On November 8th, Connecticut Governor Lamont announced that the state was paying of the loan from the federal government that was used to pay unemployment compensation in Connecticut. See the Governor’s press release at Governor Lamont ‘s press release reporting that Connecticut paid off pandemic-era Unemployment Trust Fund debt in advance of the November 10, 2023, deadline. Connecticut Commissioner of Labor Danté Bartolomeo explained that for tax year 2022, the federal tax rate per full-time employee rose to $63 per year, an increase that the General Assembly mitigated through legislative action that reduced employer state taxes by more than the federal increase. If Connecticut still carried a loan balance on November 10, 2023, the federal tax increase on employers would have brought the
minimum rate to $84 per full-time employee per year.

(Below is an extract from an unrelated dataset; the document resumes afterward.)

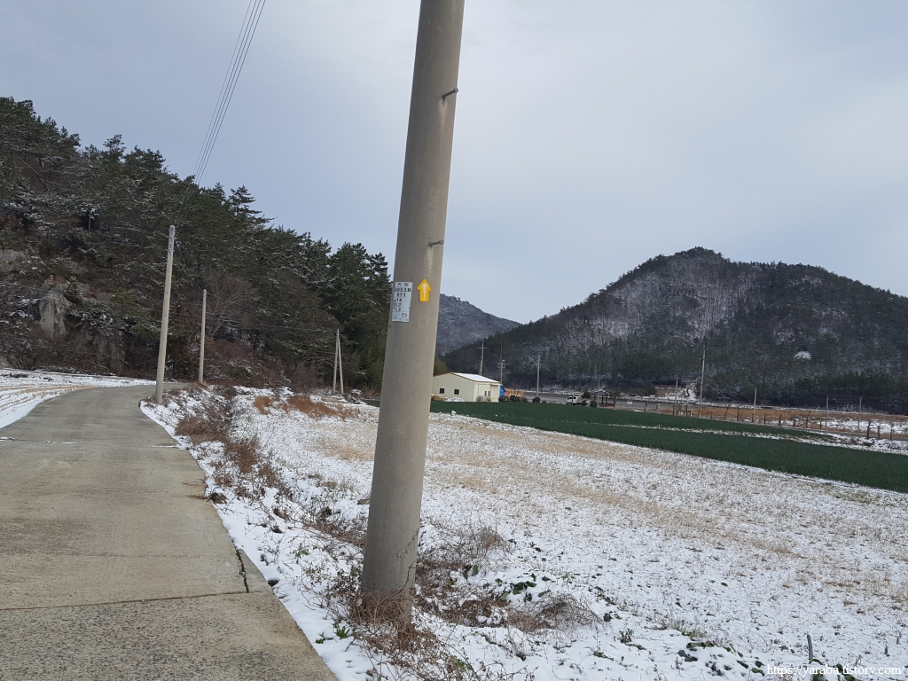 들판에는 지난 이틀간 내린 눈이 아직 남아 있지만, 길은 대부분 눈이 녹아서 일부 웅덩이 구간을 제외하면 걷기에 불편함이 없다.

Since the loan balance on November 10, 2023, is zero, the minimum federal tax rate for employers drops back to $42 per full-time employee per year for tax year 2023.

We are pleased to see that Connecticut took action to avoid the FUTA tax increase that would have resulted if the outstanding loan had not been paid.

As of November 14th , employers in only the States of California, New York and the Virgin Islands will be obligated to pay increased FUTA taxes for 2023 due to outstanding loans. Employers in California and New York will be obligated to pay approximately $84 per employee (instead of the normal $42 per employee) and employers in the Virgin Islands will see FUTA tax continuing to increase to the historic high of approximately $315 per employee.

The final FUTA payment for 2023 that applies the FUTA rate (changed due to the reduction in the offset) is due by January 31, 2024.